··· The data

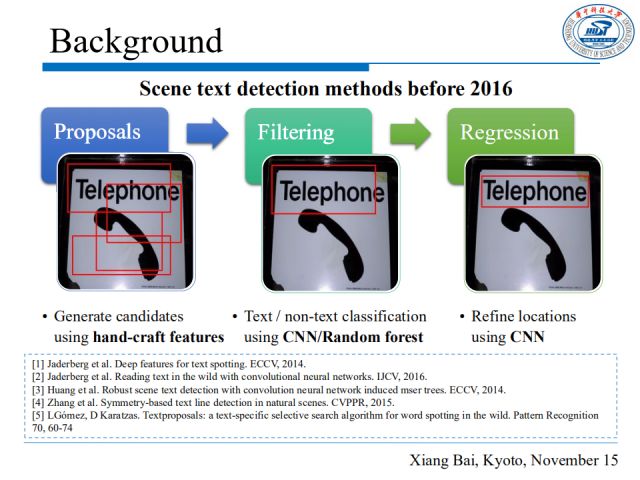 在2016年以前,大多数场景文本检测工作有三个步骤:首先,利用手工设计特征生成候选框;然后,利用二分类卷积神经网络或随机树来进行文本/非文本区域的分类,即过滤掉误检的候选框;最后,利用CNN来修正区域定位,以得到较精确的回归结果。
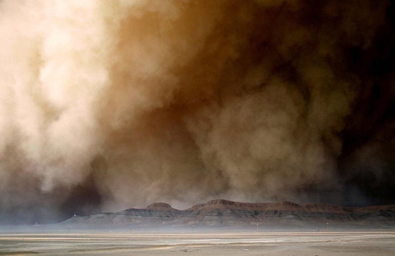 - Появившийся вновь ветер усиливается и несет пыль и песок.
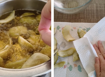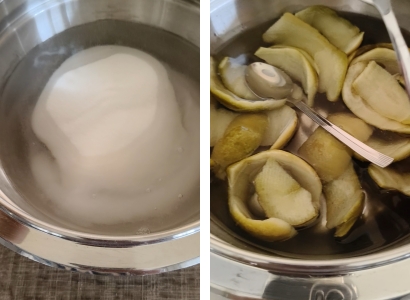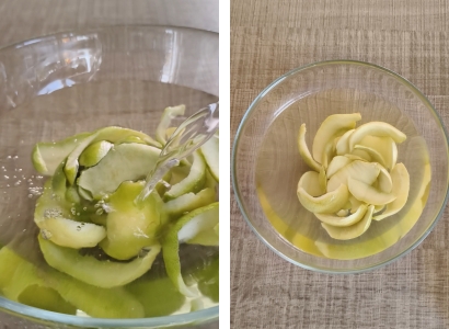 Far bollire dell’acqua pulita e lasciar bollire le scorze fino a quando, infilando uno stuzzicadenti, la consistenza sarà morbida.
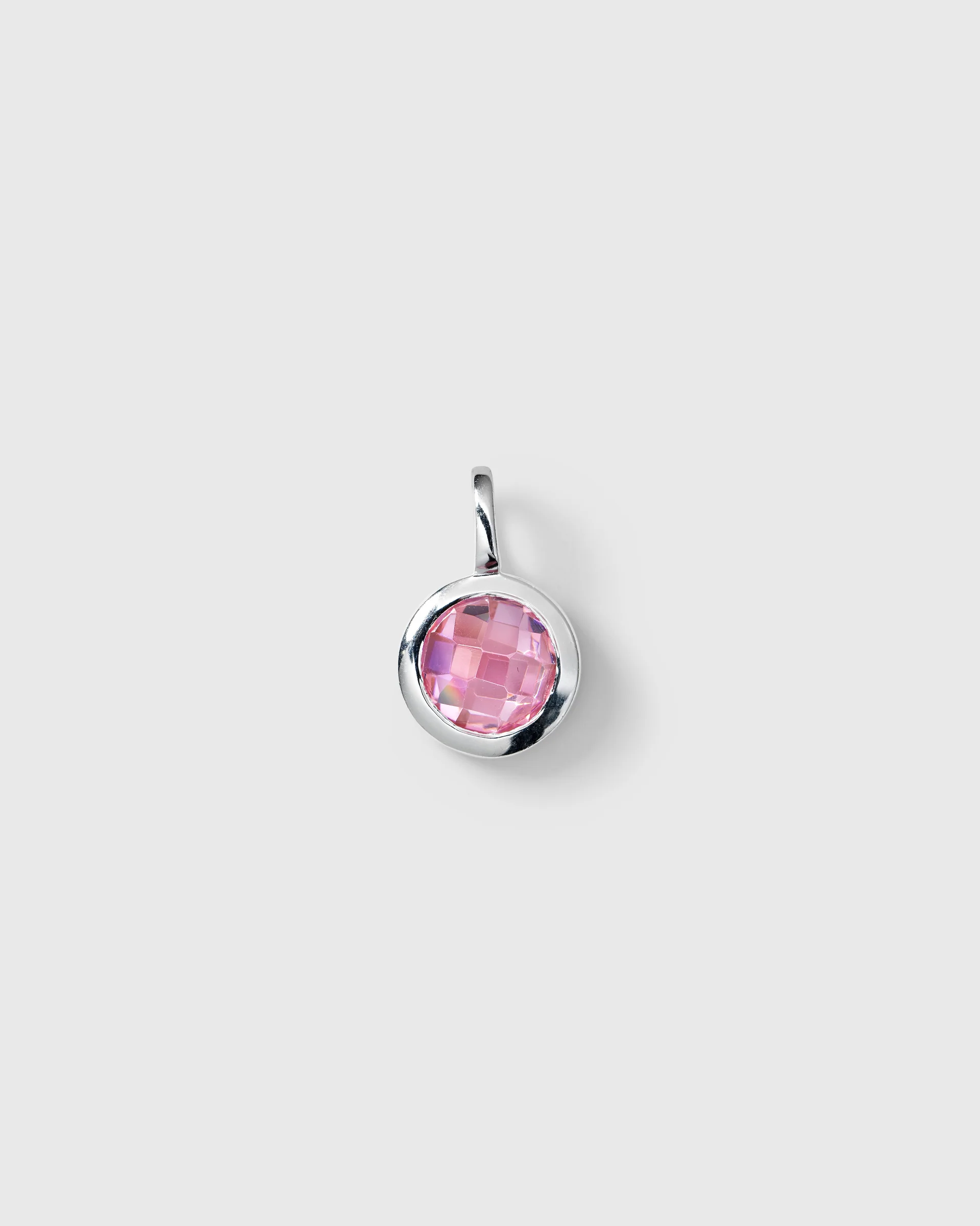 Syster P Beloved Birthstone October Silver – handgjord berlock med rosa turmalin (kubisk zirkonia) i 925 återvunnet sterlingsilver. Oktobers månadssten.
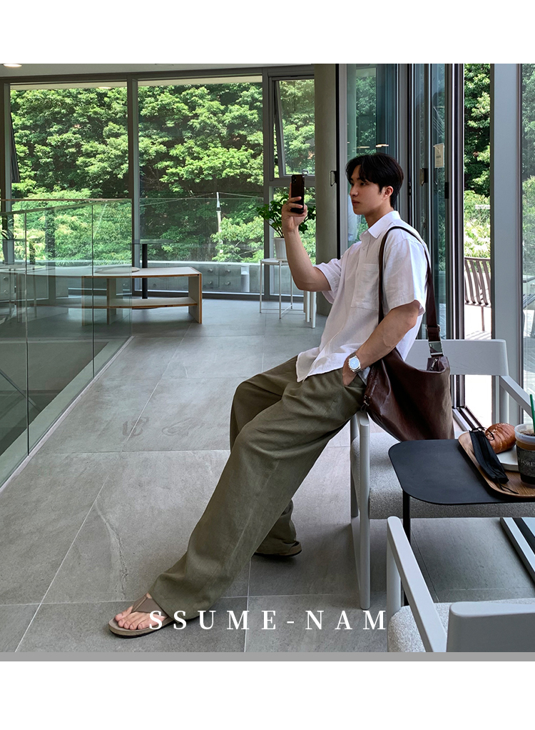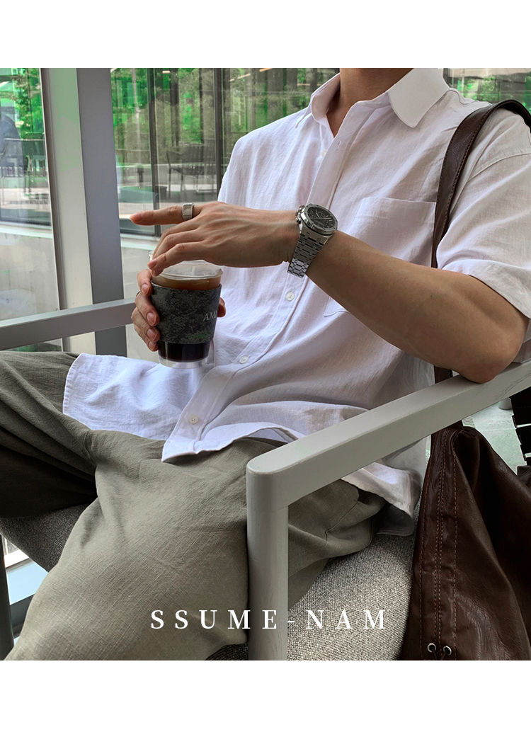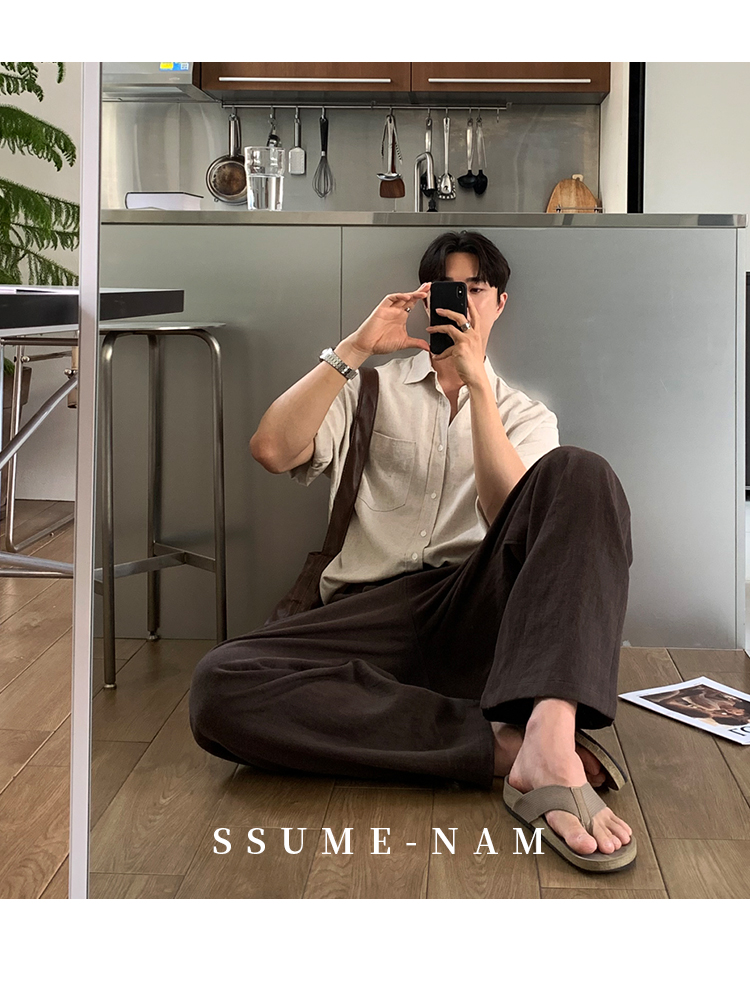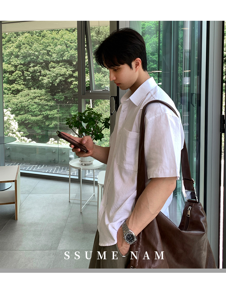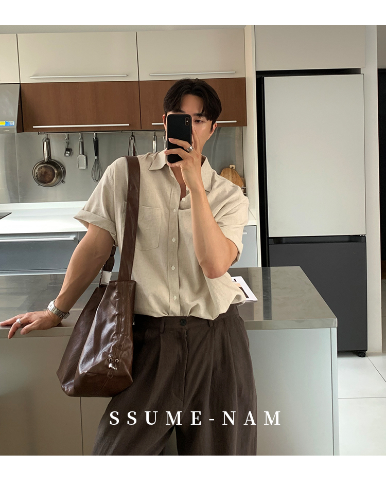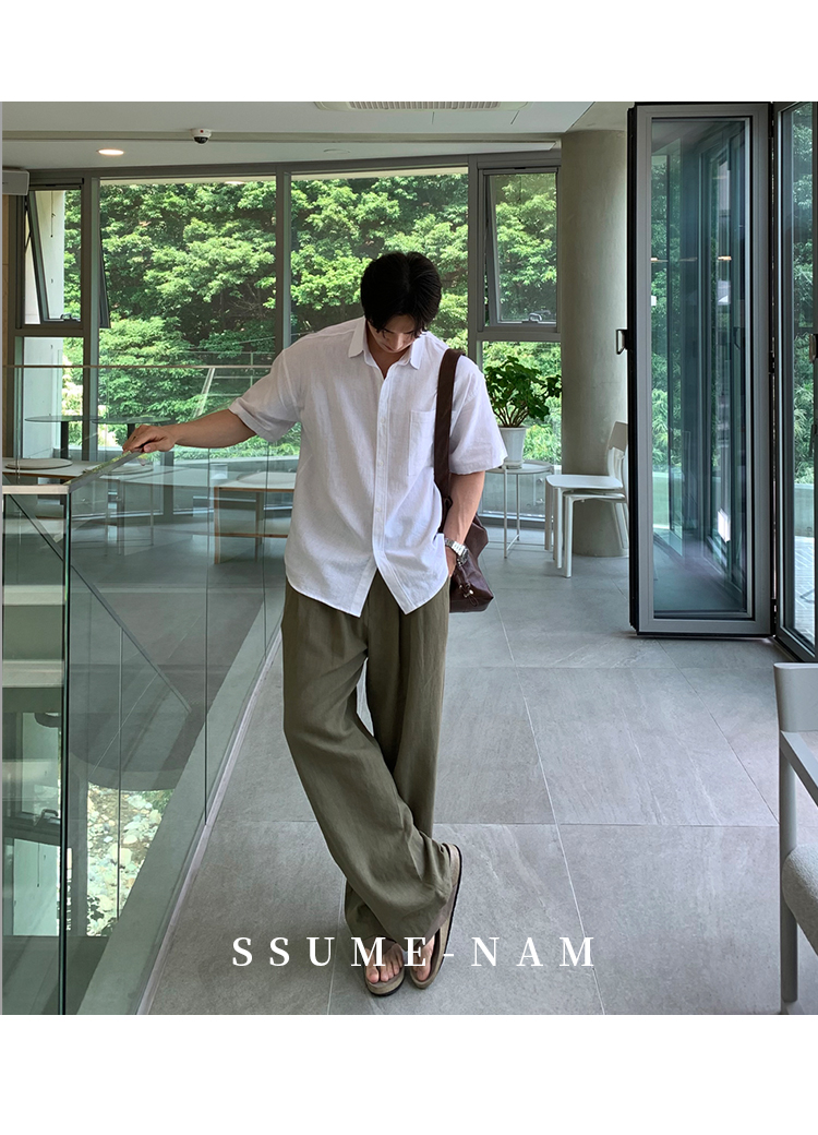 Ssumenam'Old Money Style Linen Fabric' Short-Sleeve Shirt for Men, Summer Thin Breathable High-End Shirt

······
··· The data

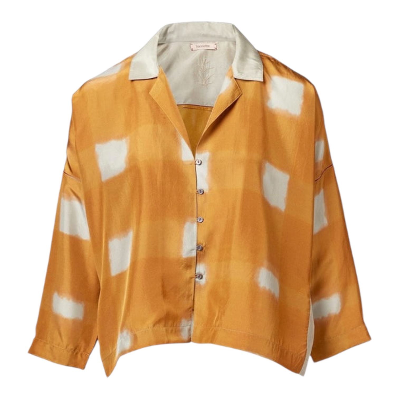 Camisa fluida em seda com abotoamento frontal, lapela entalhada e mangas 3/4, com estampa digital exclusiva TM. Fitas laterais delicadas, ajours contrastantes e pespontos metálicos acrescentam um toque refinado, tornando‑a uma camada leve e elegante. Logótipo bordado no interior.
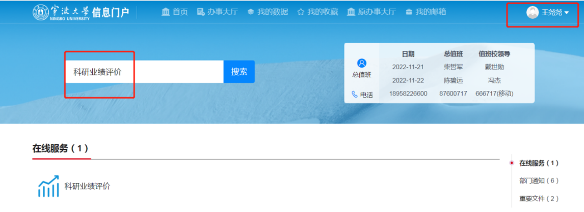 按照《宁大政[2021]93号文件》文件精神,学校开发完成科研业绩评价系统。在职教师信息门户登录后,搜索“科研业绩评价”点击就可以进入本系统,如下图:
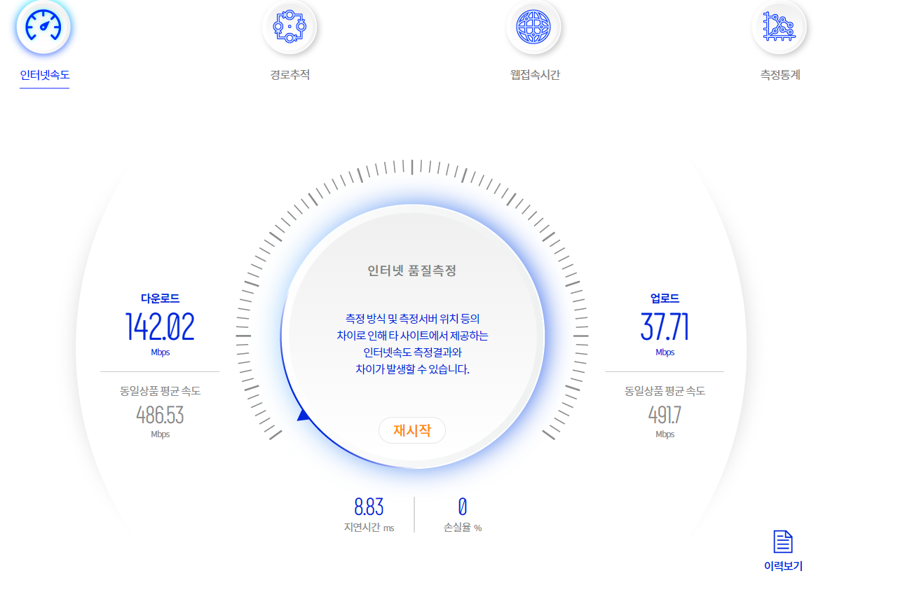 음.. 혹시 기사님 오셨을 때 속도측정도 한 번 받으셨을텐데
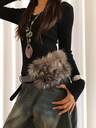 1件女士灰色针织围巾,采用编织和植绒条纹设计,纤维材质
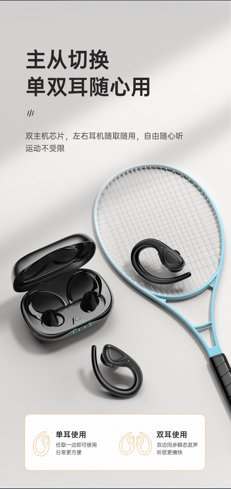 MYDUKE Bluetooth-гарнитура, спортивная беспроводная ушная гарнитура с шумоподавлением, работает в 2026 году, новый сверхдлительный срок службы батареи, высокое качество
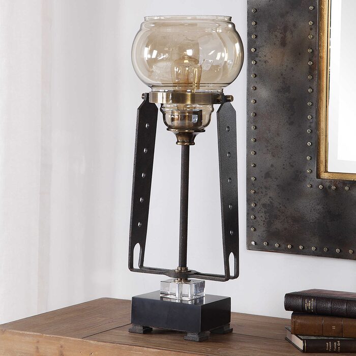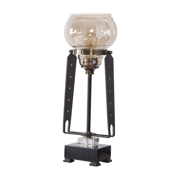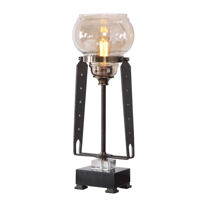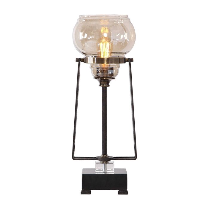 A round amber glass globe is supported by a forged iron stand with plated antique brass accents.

······

About this exercise:
Exact copy, no pictures. Write out the lines in the entries above, starting with the line with "在2016年以前,大多数场景" and going on through the line with "Ssumenam'Old Money Style", keeping both.

Answer to the problem:
 在2016年以前,大多数场景文本检测工作有三个步骤:首先,利用手工设计特征生成候选框;然后,利用二分类卷积神经网络或随机树来进行文本/非文本区域的分类,即过滤掉误检的候选框;最后,利用CNN来修正区域定位,以得到较精确的回归结果。
 - Появившийся вновь ветер усиливается и несет пыль и песок.
 Far bollire dell’acqua pulita e lasciar bollire le scorze fino a quando, infilando uno stuzzicadenti, la consistenza sarà morbida.
 Syster P Beloved Birthstone October Silver – handgjord berlock med rosa turmalin (kubisk zirkonia) i 925 återvunnet sterlingsilver. Oktobers månadssten.
 Ssumenam'Old Money Style Linen Fabric' Short-Sleeve Shirt for Men, Summer Thin Breathable High-End Shirt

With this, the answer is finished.